This article originally appeared in our May 7th edition of the Diligent Minute Newsletter. For more insights like these, delivered straight to your inbox, subscribe here.
At our recent Elevate Leadership Summit, we brought together dozens of directors and senior executives to talk candidly about the future of governance. One question kept resurfacing: What happens when an AI system doesn’t just answer questions, but behaves like a working member of the boardroom ecosystem? The idea of “agentic AI” – AI that can listen, plan, follow through and learn over time – is no longer theoretical. For boards, that’s both a live debate and an extraordinary opportunity.
In the boardroom, information keeps multiplying, regulatory and investor expectations grow sharper, and meeting agendas are more complex than ever. But boards can’t simply add new human directors every time they need deeper expertise on emerging areas of risk like activism, cyber, geopolitics or compensation.
Enter agentic AI. Boards now have the option to add Diligent’s secure, purpose-built AI Board Member, who has the sum total of human knowledge at its disposal and can provide needed perspective and input on thorny issues facing the board. The AI Board Member ingests board packs, committee minutes, policies and past decisions, it layers on public filings, news and peer benchmarks, and then it interacts as a secure, governance‑aware colleague. Instead of a generic chatbot, directors can engage a “digital activist,” a “long‑term investor,” or a “cyber expert” to stress‑test strategies, surface red flags and run scenarios — all with sources cited and access scoped to existing permissions.
When we launched AI Board Member at the Elevate Leadership Summit, it understandably prompted spirited debate.
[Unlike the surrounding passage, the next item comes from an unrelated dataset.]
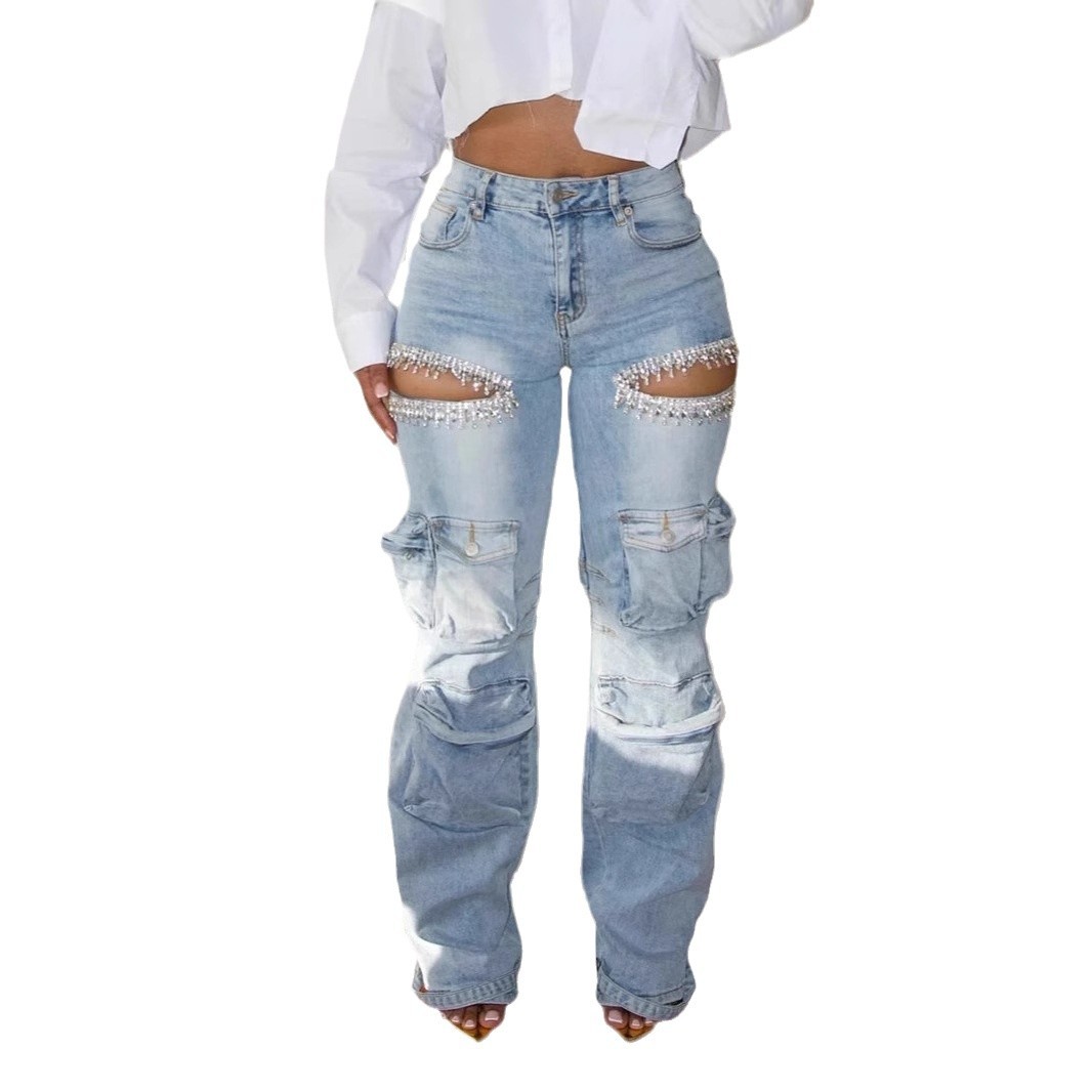 Women's Hollow-out Diamond Decorations Workwear Multi-pocket Stretch Jeans

If an AI agent is helping you model how an activist might attack your strategy, or replaying years of cyber incidents to flag patterns you’ve missed, what does that mean for the business judgment rule? How will courts weigh a decision where AI played a role in preparation? We don’t yet know. Technology has always outpaced legislation and governance frameworks; agentic AI will be no exception.
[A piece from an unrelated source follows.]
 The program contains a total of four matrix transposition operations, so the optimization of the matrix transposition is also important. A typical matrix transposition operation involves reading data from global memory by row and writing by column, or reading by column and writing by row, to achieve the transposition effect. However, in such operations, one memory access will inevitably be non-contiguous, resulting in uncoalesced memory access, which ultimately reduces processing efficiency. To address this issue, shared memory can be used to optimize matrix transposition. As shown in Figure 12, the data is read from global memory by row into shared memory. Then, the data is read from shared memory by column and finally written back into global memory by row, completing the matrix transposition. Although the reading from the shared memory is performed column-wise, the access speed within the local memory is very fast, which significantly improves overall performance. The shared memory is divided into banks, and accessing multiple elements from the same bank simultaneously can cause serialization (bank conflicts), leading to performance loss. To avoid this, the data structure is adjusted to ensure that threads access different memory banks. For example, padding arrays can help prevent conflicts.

But history also tells us that each time we’ve hit an inflection point in how knowledge is created and shared, the tools that expand access to information and strengthen inquiry tend to be seen as advancing good governance over time. The focus should be on how responsibly boards use AI tools, not whether or not they should exist.
Of course, judgment still belongs to humans. Boards must set boundaries for what an agent can and cannot do, challenge its recommendations, and bring their own experience, ethics and intuition to every decision. They must understand where the models get their information, when to demand human corroboration, and how to document the fact that AI input was one data point among many — not an instruction to be followed blindly.
Here is the exciting flip side: As these tools become more capable and more widely adopted, it may become harder to defend not using them. If agentic AI can surface a critical inconsistency in your risk disclosures, or highlight an emerging governance norm your board has not yet addressed, is it really safer to avert your eyes?
In that sense, working with an AI Board Member is an invitation to expand the diversity of perspectives in the boardroom, deepen preparation, and make the invisible more visible before the vote is called. Used wisely, agentic AI won’t replace the hard work of director judgment. But it will make that judgment sharper and better documented.